Here A is amplitude. The centers of four small square patches are located at (375, 125), (375, 375), and (125, 250) and the length of each square is 10. The amplitudes are chosen as \(A=0.1\), 0.2, and 0.4 in turn. The parameters are set to be \(\Delta t=1\) and \(\epsilon =0.25\). In this test, the boundary conditions are chosen as be homogeneous Neumann boundaries for \(\phi \) and \(\kappa \). Figure 11 shows snapshots of the crystal microstructure at several times. Three different crystal grains grow and eventually become large enough to form grain boundaries.

Fig. 11
figure 11

Growth of a polycrystal in a supercooled liquid. The computational time is listed below each figure

3.8 Swift–Hohenberg equation in three dimensions

This example deals with the numerical simulation of Swift–Hohenberg equation in three dimensions. The initial condition is chosen as \(\phi ({x,y,z},0) =0.05+0.05\text{ rand }(x,y,z)\) on the computational domain \((0,128)\times (0,128)\times (0,128)\). Here,we assume periodic boundary conditions in all directions. The computation is run up to \(t=1000\) with the time step \(\Delta t=1\). The parameters \(\epsilon =0.2\) and \(h=1\) are used. Figure 12 shows the time evolution of the energy functional and the density field. It can be observed that our proposed scheme can work well in three dimensions. The energy decreases at all times, which suggests that our method has a good stability property.

Fig. 12
figure 12

Evolution of Swift–Hohenberg equation in three dimensions

4 Conclusions

In this paper, we presented a high-order accurate compact scheme for the Swift–Hohenberg equation. We discretized this equation by a fourth-order compact finite-difference formula in space and a backward differentiation with second-order accurate in time, respectively.

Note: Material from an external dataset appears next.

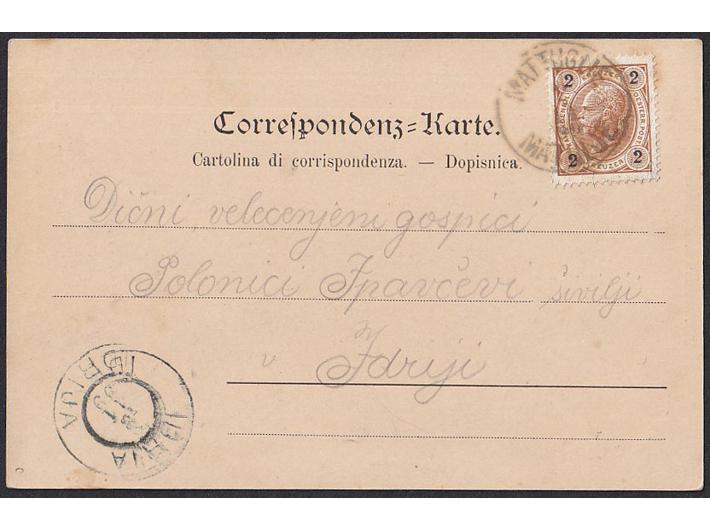 - Razglednica Opatije upućena prugom ABBAZIA-MATTUGLIE (Opatija-Matulje) u Idriju 02.11. 1899.
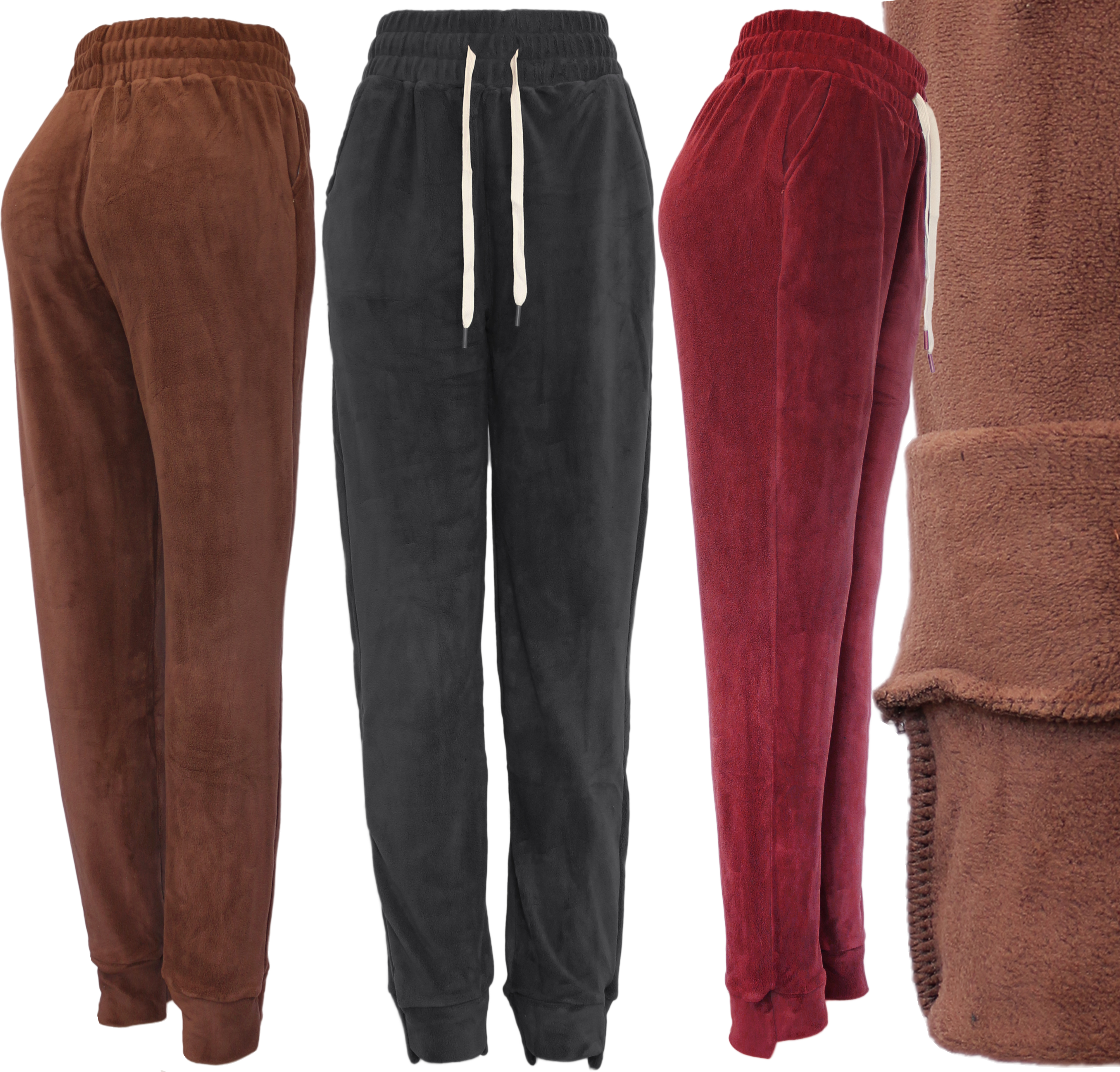 Our super soft and comfortable fleece sweatpants are made out of 65% Cotton and 35% Polyester . The fabric feels amazing to the touch. It is a great choice of clothing for fall and winter for ladies in all ages that loves the comfort. Fleece lined sweatpants will keep you warm in cold weather. You can easily pull them over your legging to run to the gym in cold winter weather. Pants are very stretchy and you can regulate and adjust tightness with the drawstring waistband. Store your belongings in two sides pockets. Bottom cuffed freely fixed to the position of the leg.

A stabilized splitting scheme was presented and a Newton-type iterative method was introduced to deal with the nonlinear term. The resulting discrete systems were solved by a fast and efficient nonlinear multigrid solver. Adaptive time step method was implemented to reduce the computational cost. Various numerical simulations including a convergence test of the proposed scheme, comparison with second-order scheme, a test of the stability of the proposed scheme, extension of the adaptive time step method, comparison with the phase field crystal equation, a study of the effect of computational domain and boundary condition, and an evolution of Swift–Hohenberg equation in three dimensions, were performed to demonstrate the efficiency of our proposed method.